**INFORMATION PROVIDED**
--- START ---

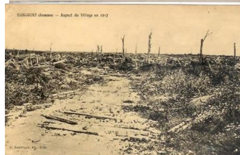
Ruines de Rancourt
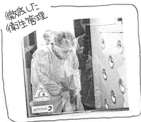
徹底した衛生管理
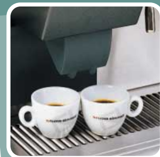
EROGAZIONE CAFFÈ ESPRESSO Espresso coffee delivery Distribution du café-espresso Espresso Abgabe Suministro de café expreso
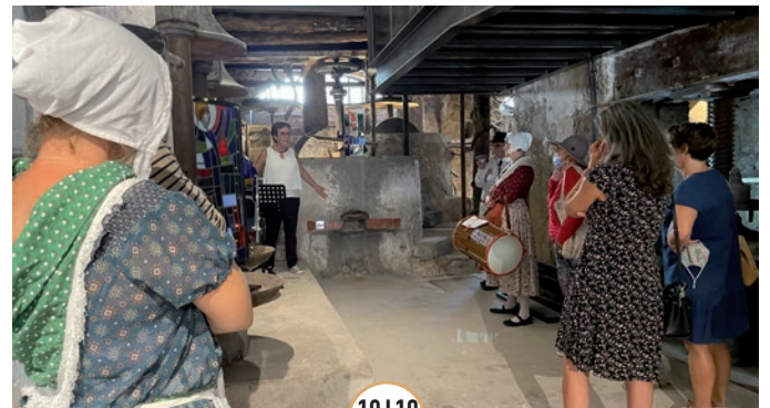
18 19 SEPT

--- END ---

**TASK INSTRUCTIONS**
Nothing but an exact copy of the data above, minus its pictures, should appear in the response.

**REPLY TO THE EXERCISE**
Ruines de Rancourt
徹底した衛生管理
EROGAZIONE CAFFÈ ESPRESSO Espresso coffee delivery Distribution du café-espresso Espresso Abgabe Suministro de café expreso
18 19 SEPT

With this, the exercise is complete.